A list of hashrefs, each with keys `domain`, `type` (`'url_host'` or
`'domain'`), and `source` (where the domain was found).

### Side Effects

Triggers `embedded_urls()`, `mailto_domains()`, `abuse_contacts()`,
and `form_contacts()` if not already cached.

### Notes

Domains sourced only from spoofable sending headers (`From:`,
`Return-Path:`, `Sender:`) are excluded.

### API Specification

#### Input

    []

#### Output

    (
        {
            type => 'hashref',
            keys => {
                domain => { type => 'scalar' },
                type   => { type => 'scalar', regex => qr/^(?:url_host|domain)$/ },
                source => { type => 'scalar' },
            },
        },
        ...
    )

### FORMAL SPECIFICATION

    -- Z notation
    unresolved_contacts == [
      Xi Email::Abuse::Investigator;
      result! : seq UNRESOLVED_INFO
    ]
    post: forall u : result! @
            u.domain not_in covered_domains(abuse_contacts, form_contacts)

## sending\_software()

Returns information extracted from headers that identify the software or
server-side infrastructure used to compose or inject the message.  Headers
such as `X-PHP-Originating-Script` reveal the exact PHP script and Unix
account responsible on shared-hosting platforms.
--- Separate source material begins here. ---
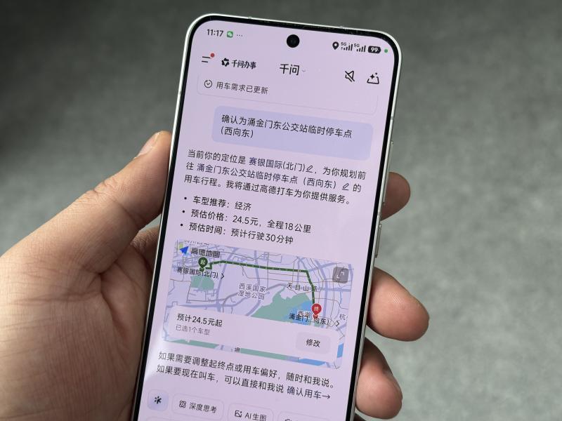 3月23日,阿里千問正式上線AI打車功能,用戶可一句話完成選車型、添加途經點、預約時間等操作,還支持“要空氣清新的車,價格不超過30元”“駕駛平穩”“服務態度好”等個性化需求。

Data is extracted during `parse_email()` with no network I/O.

### Usage

    my @sw = $analyser->sending_software();
    for my $s (@sw) {
        printf "%-30s : %s\n", $s->{header}, $s->{value};
    }

### Arguments

None.  `parse_email()` must have been called first.

### Returns

A list of hashrefs in alphabetical header-name order.  Returns an empty
list if none of the watched headers are present.  Each hashref has keys
`header`, `value`, and `note`.

### Side Effects

None.  Data is pre-collected during `parse_email()`.

### Notes

Header names are lower-cased.  Header values are stored verbatim.

### API Specification

#### Input

    []

#### Output

    (
        {
            type => 'hashref',
            keys => {
                header => { type => 'scalar' },
                value  => { type => 'scalar' },
                note   => { type => 'scalar' },
            },
        },
        ...
    )

### FORMAL SPECIFICATION

    -- Z notation
    sending_software == [
      Xi Email::Abuse::Investigator;
      result! : seq SW_INFO
    ]
    post: result! = self._sending_sw

## received\_trail()

Returns per-hop tracking data extracted from the `Received:` header chain:
the IP address, envelope recipient address, and server session ID for each
relay.  ISP postmasters use these identifiers to locate the SMTP session in
their logs.

### Usage

    my @trail = $analyser->received_trail();
    for my $hop (@trail) {
        printf "IP: %s  ID: %s\n",
            $hop->{ip} // '?', $hop->{id} // '?';
    }

### Arguments

None.  `parse_email()` must have been called first.

### Returns

A list of hashrefs in oldest-first order.  Returns an empty list if no
`Received:` headers are present or none yielded extractable data.  Each
hashref has keys `received`, `ip` (may be undef), `for` (may be undef),
`id` (may be undef).

### Side Effects

None.  Data is pre-collected during `parse_email()`.

### Notes

Private IPs are NOT filtered here; all IPs including RFC 1918 addresses
are returned as found.  Filtering is applied only by `originating_ip()`.

### API Specification

#### Input

    []

#### Output

    (
        {
            type => 'hashref',
            keys => {
                received => { type => 'scalar' },
                ip       => { type => 'scalar', optional => 1 },
                for      => { type => 'scalar', optional => 1 },
                id       => { type => 'scalar', optional => 1 },
            },
        },
        ...
    )

### FORMAL SPECIFICATION

    -- Z notation
    received_trail == [
      Xi Email::Abuse::Investigator;
      result! : seq HOP_INFO
    ]
    post: result! = self._rcvd_tracking

## risk\_assessment()

Evaluates the message against heuristic checks and returns an overall risk
level, a weighted numeric score, and a list of every specific red flag.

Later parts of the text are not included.